Naturalmente il pragmatismo del nuovo presidente non va interpretato come segno di debolezza e arrendevolezza. Obama lo ha sostenuto con chiarezza quando ha sottolineato che, pur se pronto al dialogo, come presidente è chiamato anche a impiegare la forza per sconfiggere coloro che volessero mettere alla prova la sua decisione.

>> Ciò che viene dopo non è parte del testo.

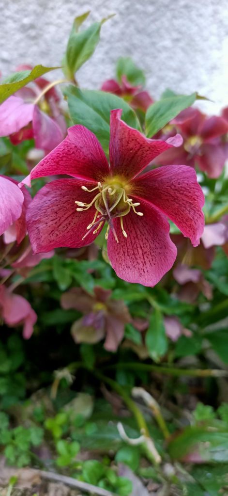 Cette superbe rose de noël, entourée de feuilles vertes luxuriantes et d’autres fleurs similaires, incarne l’élégance et la poésie du monde végétal. Avec ses pétales délicats et ses étamines jaunes lumineuses, elle attire non seulement l’attention visuelle, mais célèbre également la beauté simple et authentique de la nature.
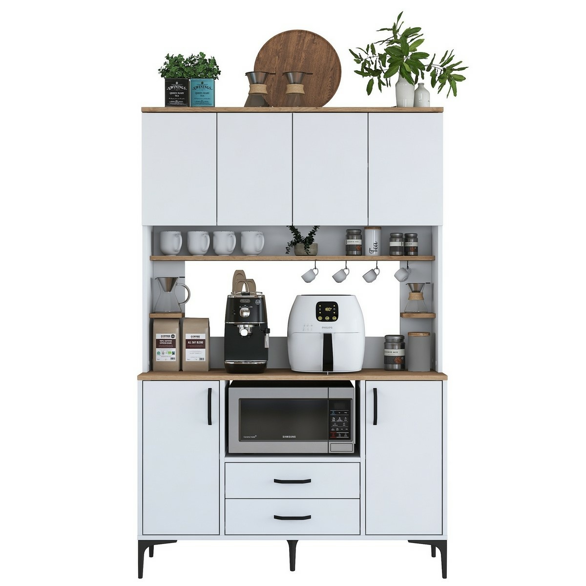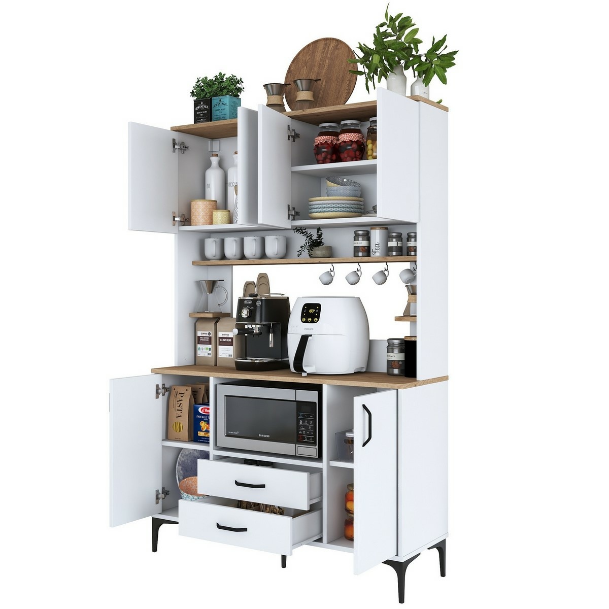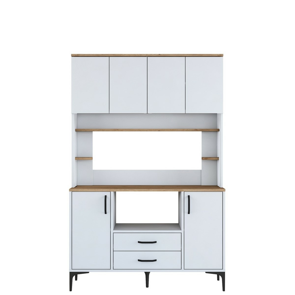 Skříň Jedy Walnut and White je praktický a elegantní kus nábytku, který vytvoří dokonale organizovaný kávový nebo kuchyňský koutek. Kombinuje horní uzavřené skříňky, otevřené police pro hrnky a doplňky, střední plochu pro spotřebiče a spodní úložnou část se zásuvkami a skříňkami. Nabízí tak maximální variabilitu a pohodlné uspořádání všech kuchyňských potřeb na jednom místě.Korpus je vyroben z melaminované dřevotřískové desky E1 o tloušťce 18 mm, která zajišťuje stabilitu, odolnost a snadnou údržbu. Kombinace ořechového dekoru a bílé barvy působí moderně, čistě a útulně, takže skříň snadno zapadne do různých interiérů. Pro vyšší bezpečnost ji lze také připevnit ke stěně.Parametry: materiál: 100% melaminovaná dřevotříska E1 tloušťka materiálu: 18 mm šířka: 120 cm výška: 184,2 cm hloubka: 40 cm barevné provedení: ořech + bílá horní skříňky, otevřené police, prostor pro spotřebiče, zásuvka a spodní skříňky

Il realismo che Obama intende applicare nell’arena internazionale si riflette anche nel suo atteggiamento riguardo ai problemi interne del suo Paese. Ad esempio, l’affermazione che le dimensioni del governo non sono né troppo grandi (come sosteneva Ronald Reagan e i suoi epigoni conservatori) né troppo piccole: ciò che conta è che sia in grado di risolvere i problemi delle persone. Lo stesso vale per il mercato, che di per sé non è né una forza benefica né malefica, ma se lasciato senza un indirizzo dello Stato, è capace di creare distorsioni nella distribuzione della ricchezza. Questo secondo un approccio tipico degli economisti e politici keynesiani, le cui idee sembravano essere state sepolte dal conservatorismo trionfante degli ultimi 30 anni e che la recente crisi finanziaria mondiale ha reso di nuovo attuale.